Start of Entries shown

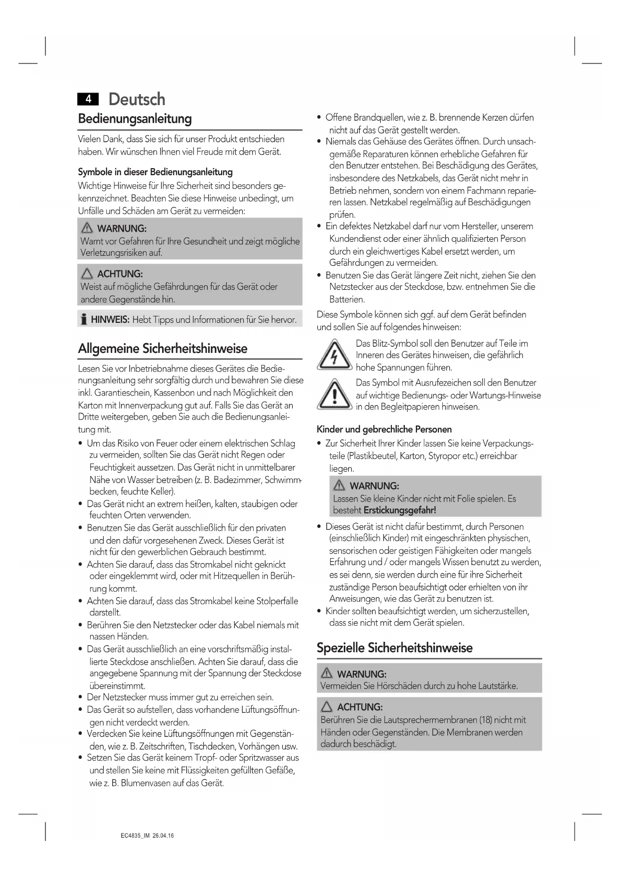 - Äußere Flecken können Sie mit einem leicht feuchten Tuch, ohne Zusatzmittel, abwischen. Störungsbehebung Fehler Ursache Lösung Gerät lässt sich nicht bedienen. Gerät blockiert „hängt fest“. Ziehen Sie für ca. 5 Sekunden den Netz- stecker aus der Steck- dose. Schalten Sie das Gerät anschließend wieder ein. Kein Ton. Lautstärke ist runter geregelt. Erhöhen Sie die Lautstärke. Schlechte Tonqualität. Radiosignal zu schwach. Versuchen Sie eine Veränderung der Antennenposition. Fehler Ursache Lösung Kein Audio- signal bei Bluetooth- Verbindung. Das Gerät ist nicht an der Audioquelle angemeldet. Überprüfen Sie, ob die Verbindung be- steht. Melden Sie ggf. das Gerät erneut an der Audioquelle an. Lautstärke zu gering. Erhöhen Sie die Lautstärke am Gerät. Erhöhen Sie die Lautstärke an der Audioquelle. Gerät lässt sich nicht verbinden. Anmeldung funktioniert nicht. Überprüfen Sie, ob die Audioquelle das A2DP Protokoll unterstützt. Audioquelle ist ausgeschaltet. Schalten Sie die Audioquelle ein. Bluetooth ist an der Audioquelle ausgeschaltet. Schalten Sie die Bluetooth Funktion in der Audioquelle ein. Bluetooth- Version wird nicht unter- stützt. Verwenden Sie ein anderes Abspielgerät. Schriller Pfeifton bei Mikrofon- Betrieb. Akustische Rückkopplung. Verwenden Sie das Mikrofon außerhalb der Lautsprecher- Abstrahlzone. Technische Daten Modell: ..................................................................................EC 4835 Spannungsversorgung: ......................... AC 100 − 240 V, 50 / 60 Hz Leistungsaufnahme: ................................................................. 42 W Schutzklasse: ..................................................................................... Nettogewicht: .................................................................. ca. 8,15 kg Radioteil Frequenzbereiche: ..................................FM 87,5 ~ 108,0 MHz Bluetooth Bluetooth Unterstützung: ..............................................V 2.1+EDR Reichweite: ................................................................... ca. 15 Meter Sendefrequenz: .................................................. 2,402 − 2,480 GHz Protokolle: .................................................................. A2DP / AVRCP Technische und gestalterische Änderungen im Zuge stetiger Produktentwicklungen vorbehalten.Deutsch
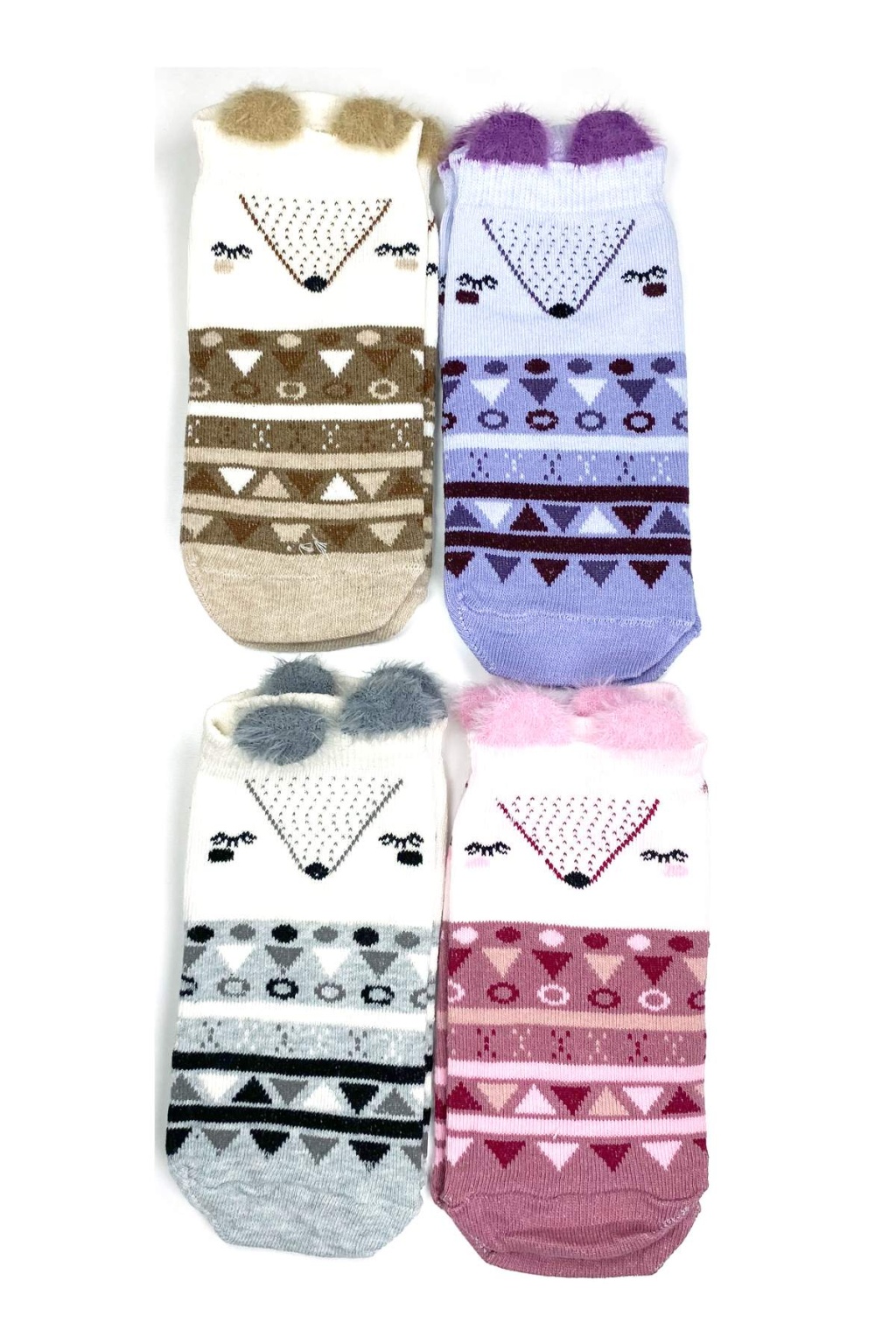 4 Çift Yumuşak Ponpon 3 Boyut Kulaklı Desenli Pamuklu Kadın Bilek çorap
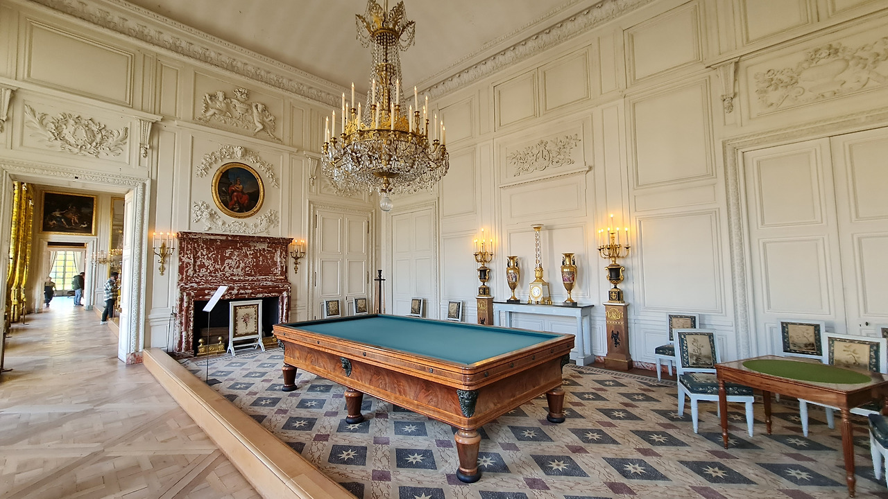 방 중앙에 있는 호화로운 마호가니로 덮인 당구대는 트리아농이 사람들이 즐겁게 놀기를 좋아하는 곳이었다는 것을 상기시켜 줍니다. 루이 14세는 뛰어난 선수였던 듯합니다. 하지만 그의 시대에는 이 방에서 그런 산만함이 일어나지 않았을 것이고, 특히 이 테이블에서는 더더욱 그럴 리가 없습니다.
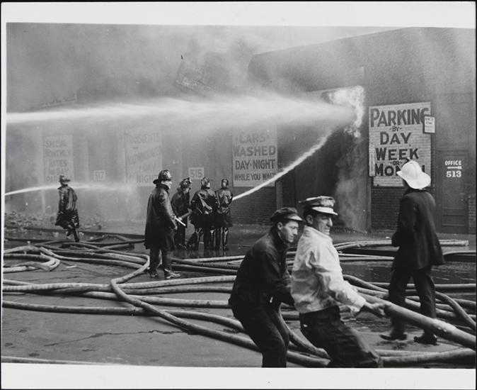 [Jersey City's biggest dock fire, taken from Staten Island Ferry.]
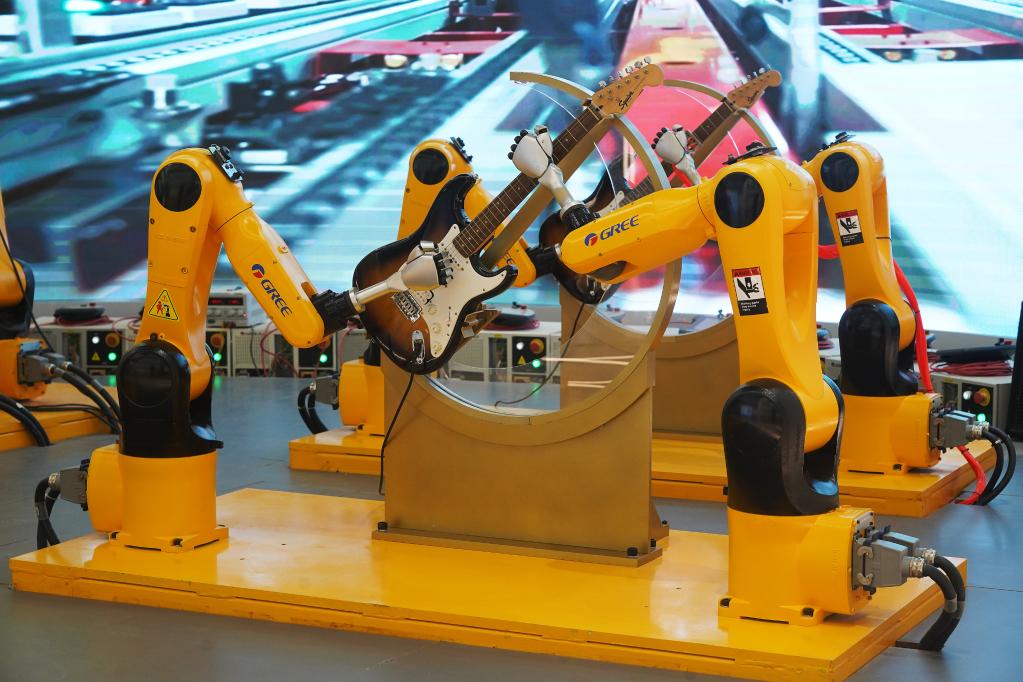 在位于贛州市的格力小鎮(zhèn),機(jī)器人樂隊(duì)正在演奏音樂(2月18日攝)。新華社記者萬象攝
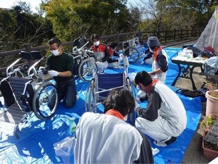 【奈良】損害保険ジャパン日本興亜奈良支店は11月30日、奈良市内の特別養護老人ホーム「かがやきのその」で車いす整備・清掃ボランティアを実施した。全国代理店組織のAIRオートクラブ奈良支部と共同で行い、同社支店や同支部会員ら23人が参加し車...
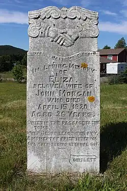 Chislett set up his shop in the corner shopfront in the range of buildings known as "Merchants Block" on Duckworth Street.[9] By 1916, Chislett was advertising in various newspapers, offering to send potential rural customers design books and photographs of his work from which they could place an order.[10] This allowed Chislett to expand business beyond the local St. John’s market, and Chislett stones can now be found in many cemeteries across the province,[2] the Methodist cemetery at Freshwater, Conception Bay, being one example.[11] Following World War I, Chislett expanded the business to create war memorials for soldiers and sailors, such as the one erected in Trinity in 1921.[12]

End of Entries shown

Make an exact copy of the records above, with the pictures left out.

> [Completed task]:
 - Äußere Flecken können Sie mit einem leicht feuchten Tuch, ohne Zusatzmittel, abwischen. Störungsbehebung Fehler Ursache Lösung Gerät lässt sich nicht bedienen. Gerät blockiert „hängt fest“. Ziehen Sie für ca. 5 Sekunden den Netz- stecker aus der Steck- dose. Schalten Sie das Gerät anschließend wieder ein. Kein Ton. Lautstärke ist runter geregelt. Erhöhen Sie die Lautstärke. Schlechte Tonqualität. Radiosignal zu schwach. Versuchen Sie eine Veränderung der Antennenposition. Fehler Ursache Lösung Kein Audio- signal bei Bluetooth- Verbindung. Das Gerät ist nicht an der Audioquelle angemeldet. Überprüfen Sie, ob die Verbindung be- steht. Melden Sie ggf. das Gerät erneut an der Audioquelle an. Lautstärke zu gering. Erhöhen Sie die Lautstärke am Gerät. Erhöhen Sie die Lautstärke an der Audioquelle. Gerät lässt sich nicht verbinden. Anmeldung funktioniert nicht. Überprüfen Sie, ob die Audioquelle das A2DP Protokoll unterstützt. Audioquelle ist ausgeschaltet. Schalten Sie die Audioquelle ein. Bluetooth ist an der Audioquelle ausgeschaltet. Schalten Sie die Bluetooth Funktion in der Audioquelle ein. Bluetooth- Version wird nicht unter- stützt. Verwenden Sie ein anderes Abspielgerät. Schriller Pfeifton bei Mikrofon- Betrieb. Akustische Rückkopplung. Verwenden Sie das Mikrofon außerhalb der Lautsprecher- Abstrahlzone. Technische Daten Modell: ..................................................................................EC 4835 Spannungsversorgung: ......................... AC 100 − 240 V, 50 / 60 Hz Leistungsaufnahme: ................................................................. 42 W Schutzklasse: ..................................................................................... Nettogewicht: .................................................................. ca. 8,15 kg Radioteil Frequenzbereiche: ..................................FM 87,5 ~ 108,0 MHz Bluetooth Bluetooth Unterstützung: ..............................................V 2.1+EDR Reichweite: ................................................................... ca. 15 Meter Sendefrequenz: .................................................. 2,402 − 2,480 GHz Protokolle: .................................................................. A2DP / AVRCP Technische und gestalterische Änderungen im Zuge stetiger Produktentwicklungen vorbehalten.Deutsch
 4 Çift Yumuşak Ponpon 3 Boyut Kulaklı Desenli Pamuklu Kadın Bilek çorap
 방 중앙에 있는 호화로운 마호가니로 덮인 당구대는 트리아농이 사람들이 즐겁게 놀기를 좋아하는 곳이었다는 것을 상기시켜 줍니다. 루이 14세는 뛰어난 선수였던 듯합니다. 하지만 그의 시대에는 이 방에서 그런 산만함이 일어나지 않았을 것이고, 특히 이 테이블에서는 더더욱 그럴 리가 없습니다.
 [Jersey City's biggest dock fire, taken from Staten Island Ferry.]
 在位于贛州市的格力小鎮(zhèn),機(jī)器人樂隊(duì)正在演奏音樂(2月18日攝)。新華社記者萬象攝
 【奈良】損害保険ジャパン日本興亜奈良支店は11月30日、奈良市内の特別養護老人ホーム「かがやきのその」で車いす整備・清掃ボランティアを実施した。全国代理店組織のAIRオートクラブ奈良支部と共同で行い、同社支店や同支部会員ら23人が参加し車...
 Chislett set up his shop in the corner shopfront in the range of buildings known as "Merchants Block" on Duckworth Street.[9] By 1916, Chislett was advertising in various newspapers, offering to send potential rural customers design books and photographs of his work from which they could place an order.[10] This allowed Chislett to expand business beyond the local St. John’s market, and Chislett stones can now be found in many cemeteries across the province,[2] the Methodist cemetery at Freshwater, Conception Bay, being one example.[11] Following World War I, Chislett expanded the business to create war memorials for soldiers and sailors, such as the one erected in Trinity in 1921.[12]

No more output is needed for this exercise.